Um dos homens apontou uma metralhadora na direção deles e estava prestes a atirar quando a garota avançou para cima dele e arrancou-lhe o braço com uma só mordida. O gosto do sangue a excitava tanto quanto seu cheiro, mexia com a besta que morava dentro dela, mas a idéia de mastigar um pedaço de gente não era nem um pouco agradável e ela o cuspiu de volta. Chuva rubra, que estava mais próximo de Michele do que Lâmina reluzente gargalhou ao ver seu gesto de “misericórdia”.
- Ouça bem, filhote: aqui não há nenhum inocente, são todos servos da Wirm. Não baixe a sua guarda ou nós vamos ter que te tirar daqui dentro de um saco preto!
- Isso não quer dizer que eu deveria comê-los, não é?! – retrucou Michele, na língua dos garou.
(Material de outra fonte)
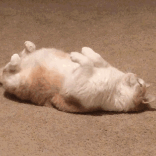 你以为猫咪很笨,其实它聪明着呢,至少是不会亏待自己,当它想要讨好你的时候,就会躺地上对你撒娇,如果你每次看到它这么可爱的模样,就奖励零食,会让它将四脚朝天躺地上和零食联系在一起哦!那它这样做,就是在给你信号“快给我零食吃吧!”

- Não criança, isso é um crime perante Gaia. Mas não exponha suas fraquezas diante do inimigo! – dessa vez, o aviso partiu de Lâmina reluzente.
Mais um grupo de homens invadiu o clube e a disputa, que já estava praticamente encerrada devido à interferência dos garous, recomeçou. Os dois mais experientes conseguiam desviar das balas sem muita dificuldade e até mesmo rebatê-las com sua arma, como era o caso de Lâmina reluzente. Michele, entretanto, foi atingida por uma grande quantidade delas. A dor era incômoda, mas a forma Crinos permitia que seu metabolismo acelerado curasse ainda mais rápido qualquer ferimento que não fosse feito por prata.
Michele urrou de fúria e se voltou na direção do bando que a havia atingido. Alguns deles largaram as armas no chão e correram apavorados, mas a maioria continuou a atirar. A garou emitiu um uivo estrondoso e forte, tão poderoso que fez com parte dos destroços que haviam pelo local – e até mesmo algumas das balas – retornassem na direção dos atiradores, que não resistiram ao contra-ataque dela.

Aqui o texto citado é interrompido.